Her love for her husband was as strange as her beauty. O! the treasure—the full, proud treasures of such a heart as that! Dive into mines—bring up jewels—fill your dwelling—win sceptres—ride the world like Cæsar or Alexander—and then offer me the pure, deep, devoted, heart’s affection of such a spiritual creature as she was, and I would spurn them all as the dirty commerce of dirtier minds. She lived only for him—she dreamed only for him—he was all. Place her in a palace, in an Esquimaux hut; in a fairyland, in a desert; no matter where—only with him—him she had chosen to live and die with, and her cup was full.

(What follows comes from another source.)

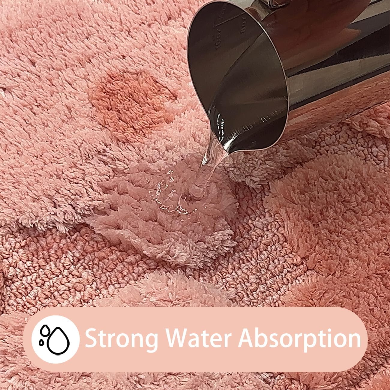 Absorbente de agua: alfombras de baño de flores con felpa suave y esponjosa. Suave al tacto y pisar. La felpa de 0.59 (aprox. 1.5 cm) de altura del pelo puede absorber el agua rápidamente y mantener el baño limpio y seco
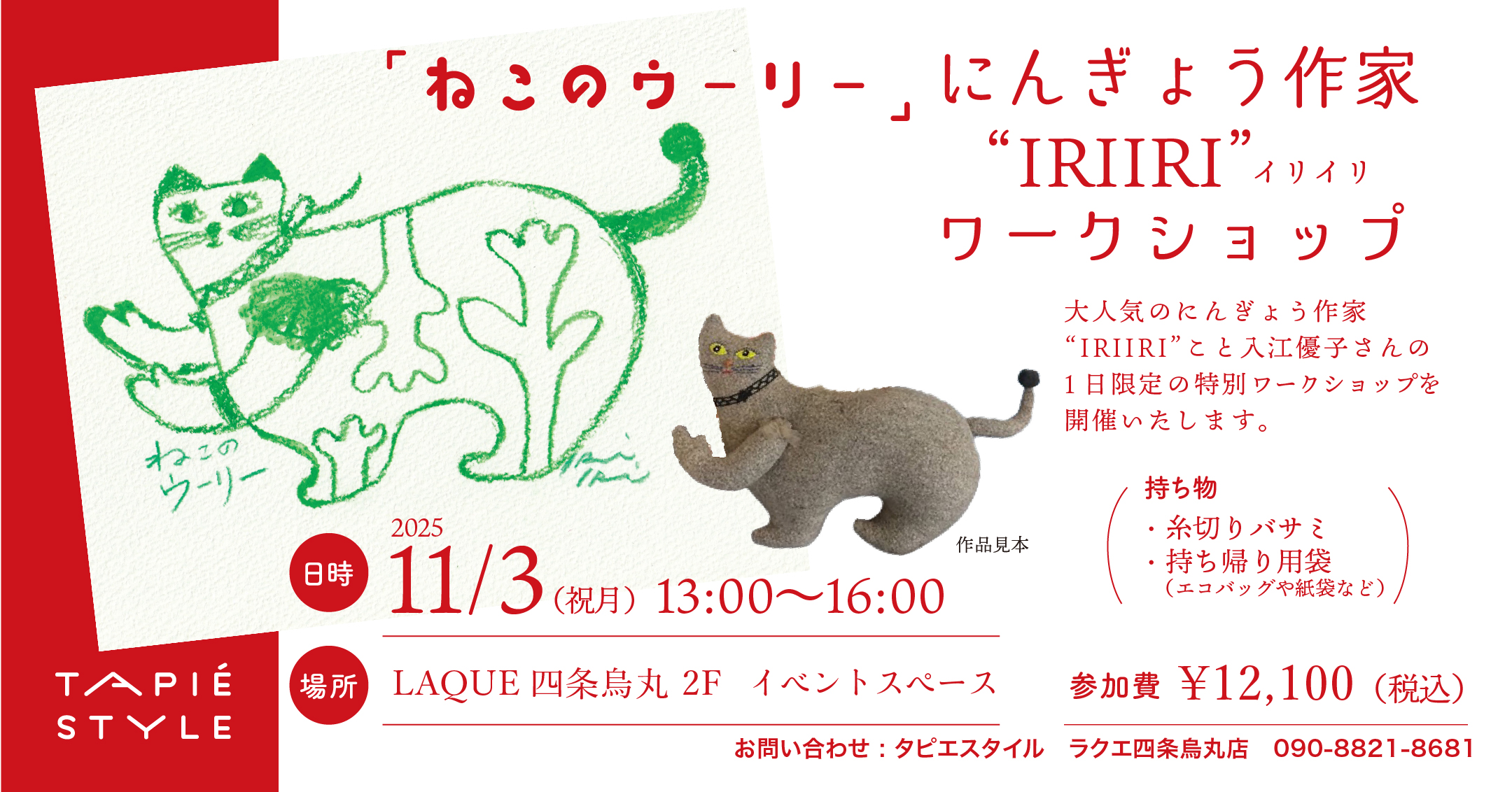 大人気のにんぎょう作家 “IRIIRI” こと入江優子さんの1日限定の特別ワークショップを開催いたします。

The circumstances which led me to their acquaintance were peculiar, and such as entwined me into their best feelings. They had been married about four summers; and the fruits of their union, was a little, crowing, curly headed boy, sweet as his mother’s beauty. I was hunting on the side of the Mississippi, one warm afternoon, when I observed something floating at a distance, which by means of my dog, was brought to land; and, to my surprise, were presented the lifeless, yet still warm features of this same little fellow. It seemed that playing near the river, he had fallen in, and was near about breathing his last. Taking him in my arms, I hurried home, and just in time to save him. From that hour, they loved me as a brother.